__Material shown__
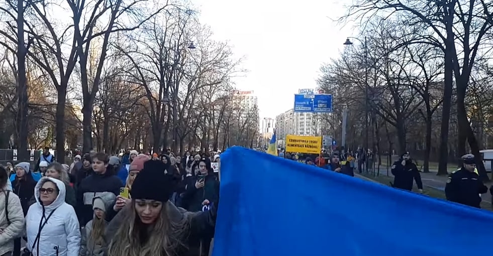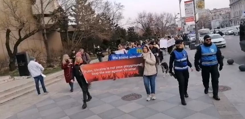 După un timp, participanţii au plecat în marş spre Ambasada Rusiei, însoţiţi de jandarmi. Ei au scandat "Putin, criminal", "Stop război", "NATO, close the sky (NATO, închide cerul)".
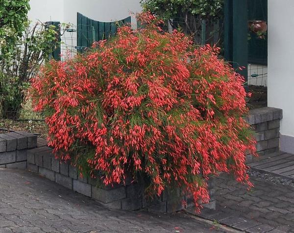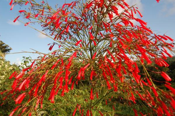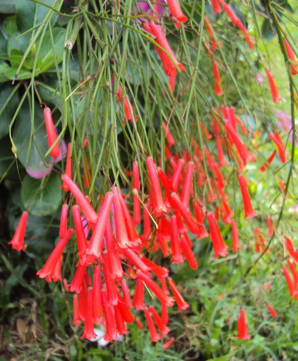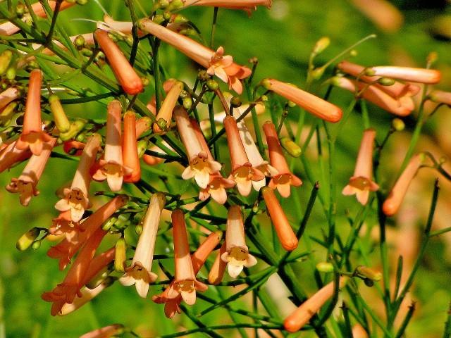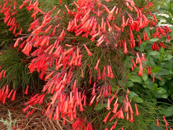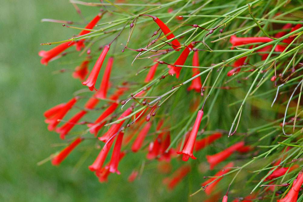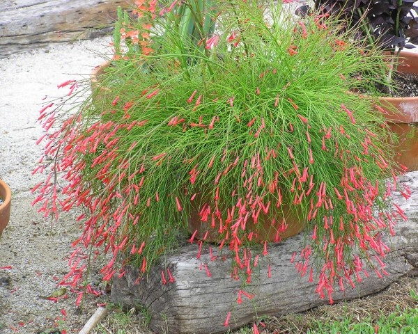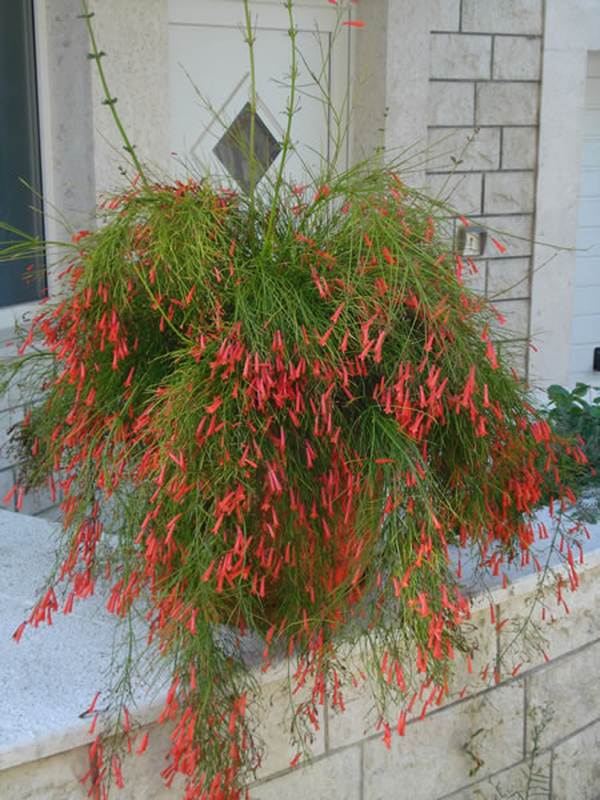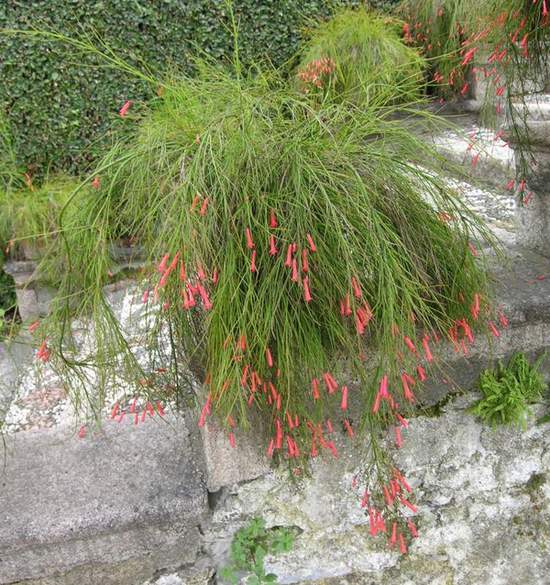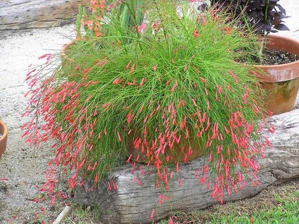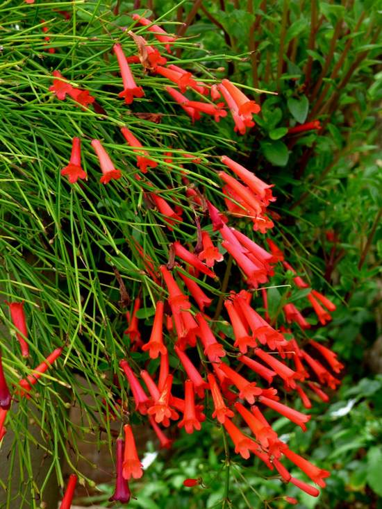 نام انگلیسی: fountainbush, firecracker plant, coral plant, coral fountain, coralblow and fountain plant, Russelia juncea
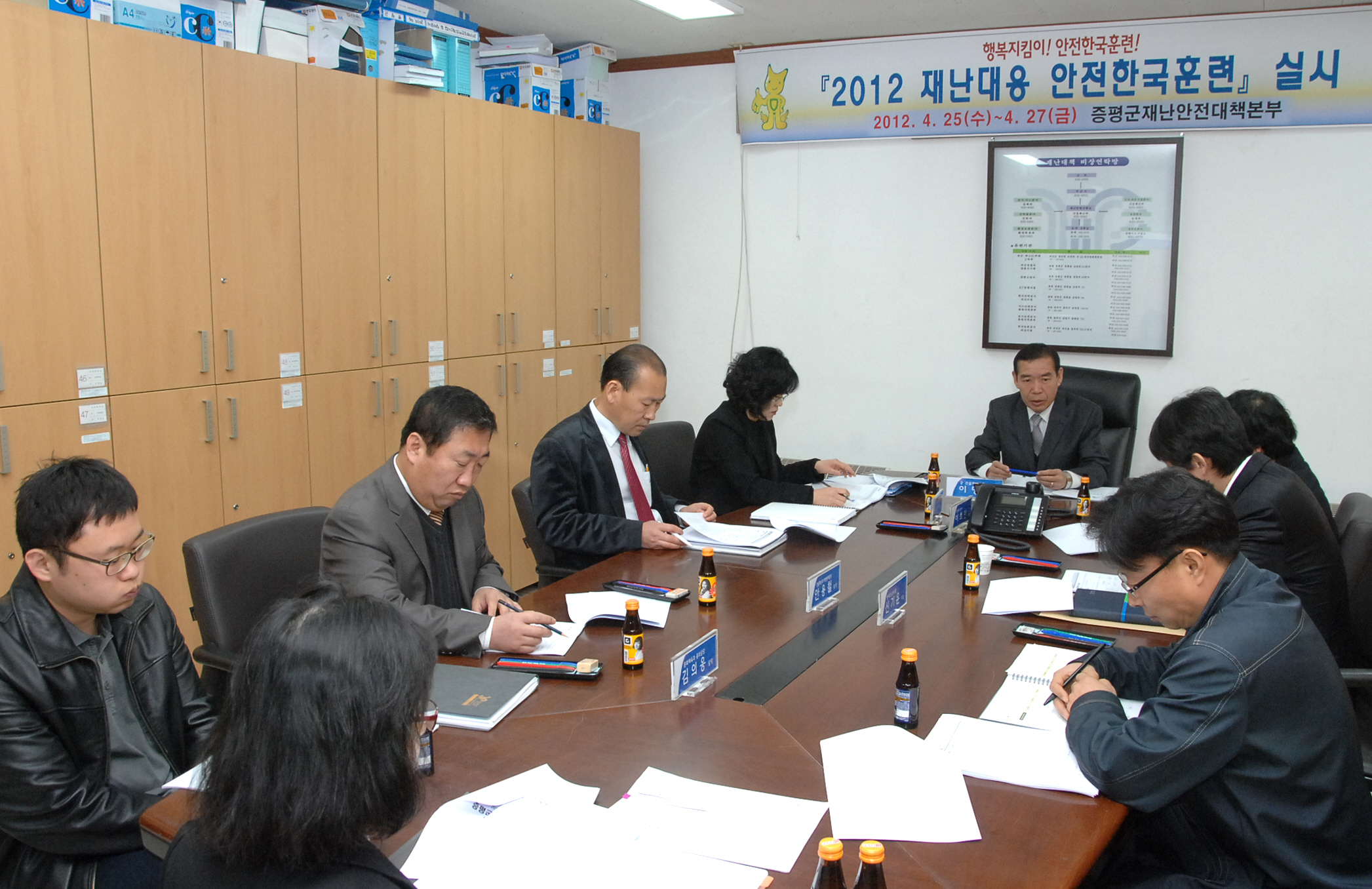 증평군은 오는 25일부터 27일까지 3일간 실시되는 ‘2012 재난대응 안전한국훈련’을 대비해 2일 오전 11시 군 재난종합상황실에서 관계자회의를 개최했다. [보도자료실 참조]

...

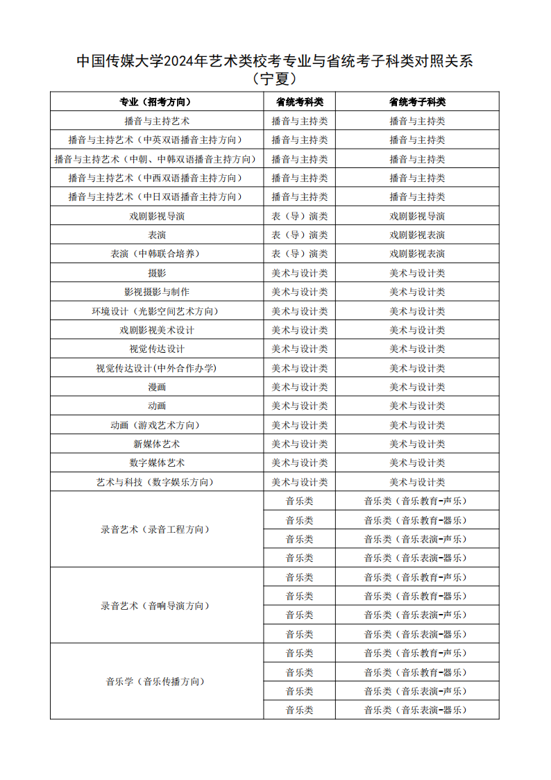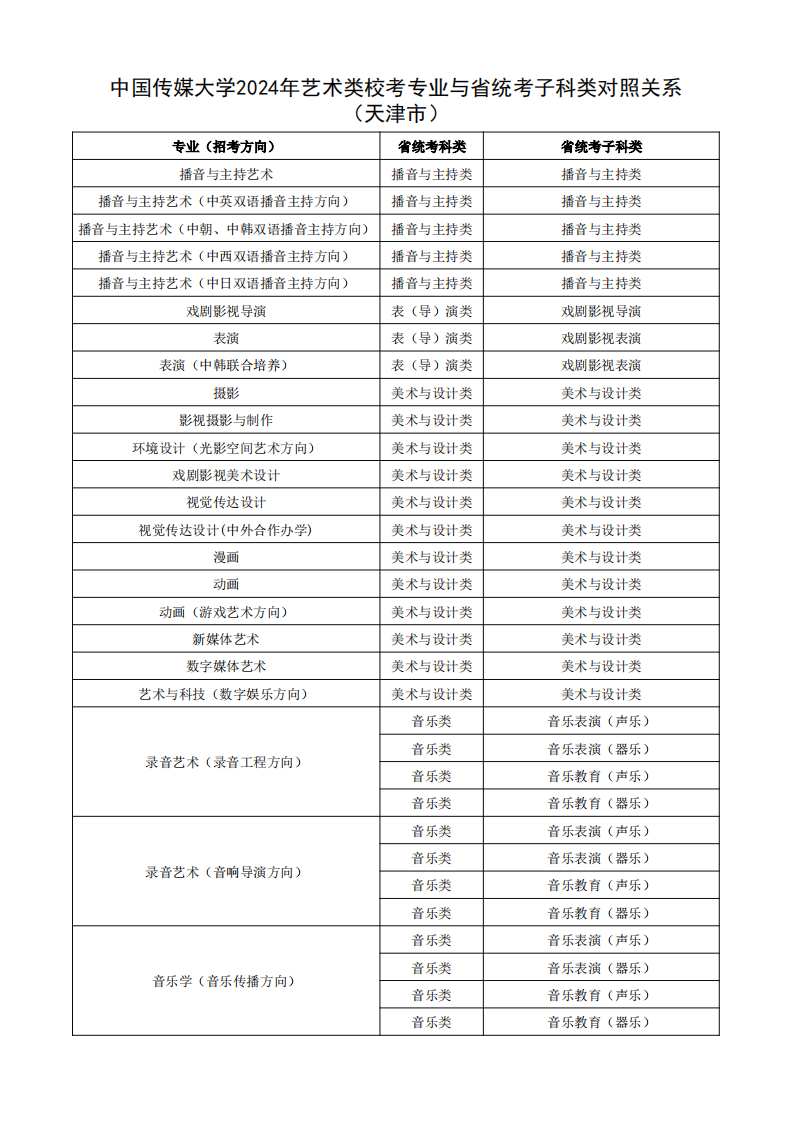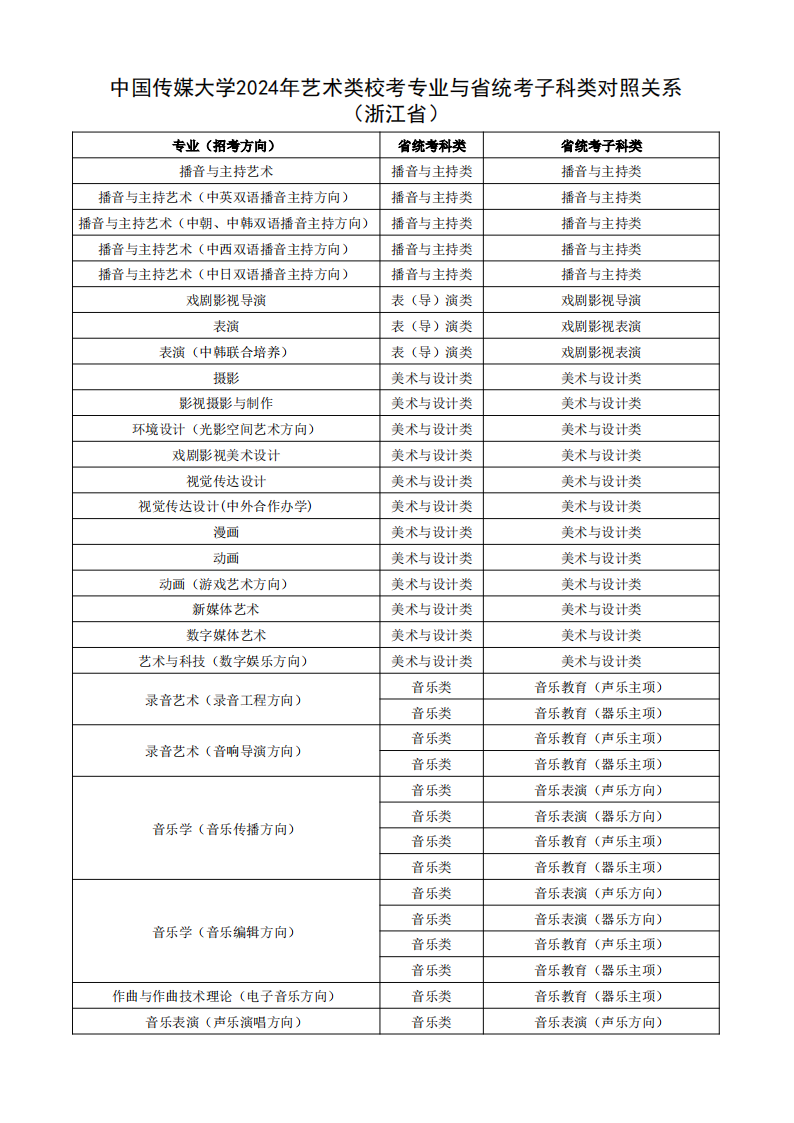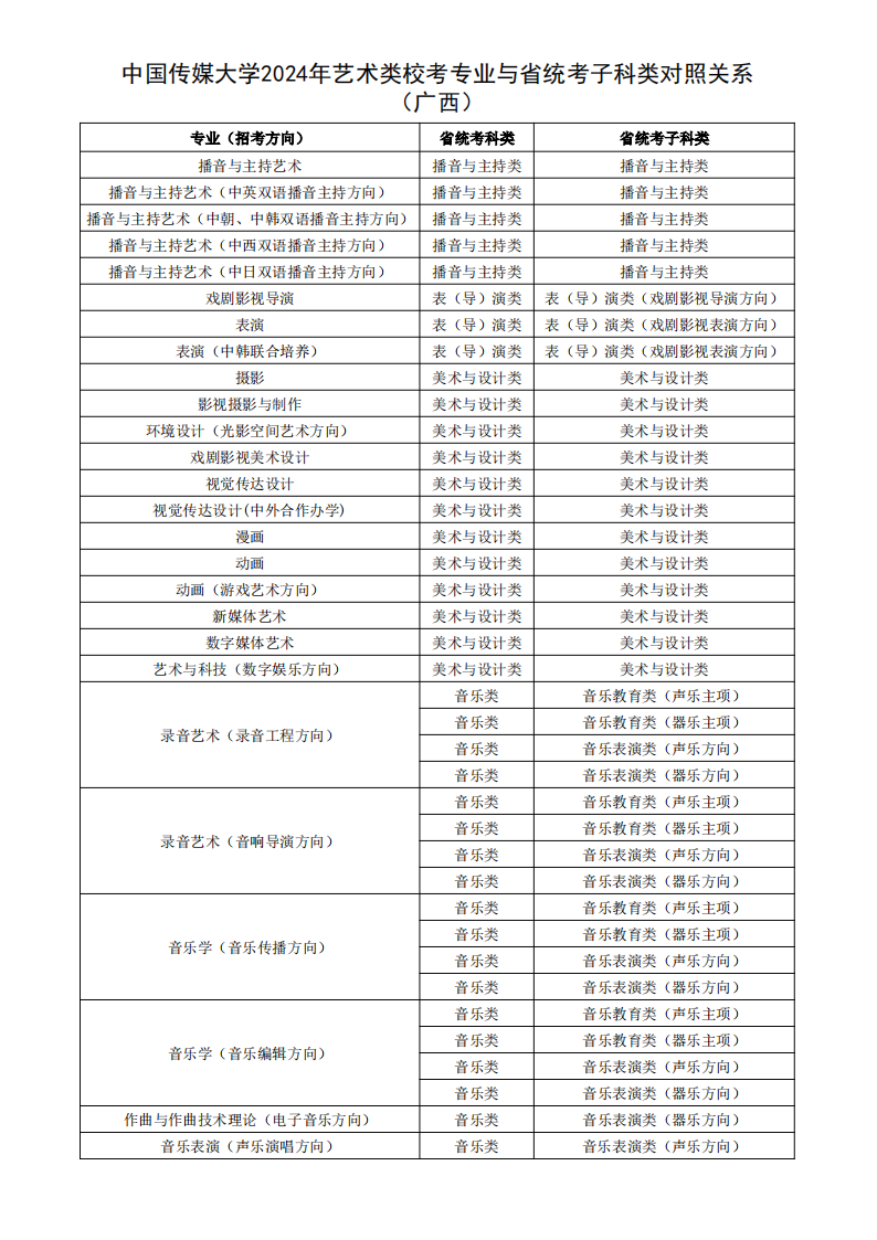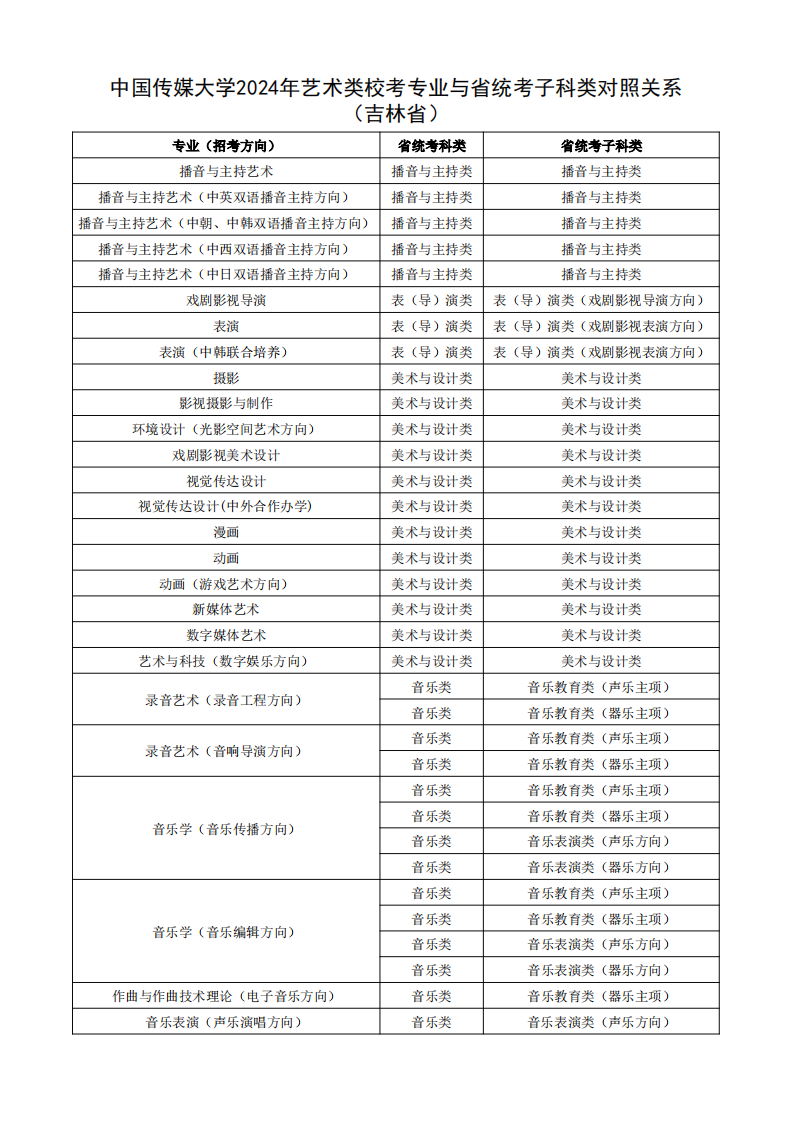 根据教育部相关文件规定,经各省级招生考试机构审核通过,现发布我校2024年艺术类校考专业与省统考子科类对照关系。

__Required action__
Range to print from the listing above: from the line with "نام انگلیسی: fountainbush, firecracker" up to and including the line with "증평군은 오는 25일부터". Please print those lines exactly, with no pictures and nothing more.

__Output of the exercise__
 نام انگلیسی: fountainbush, firecracker plant, coral plant, coral fountain, coralblow and fountain plant, Russelia juncea
 증평군은 오는 25일부터 27일까지 3일간 실시되는 ‘2012 재난대응 안전한국훈련’을 대비해 2일 오전 11시 군 재난종합상황실에서 관계자회의를 개최했다. [보도자료실 참조]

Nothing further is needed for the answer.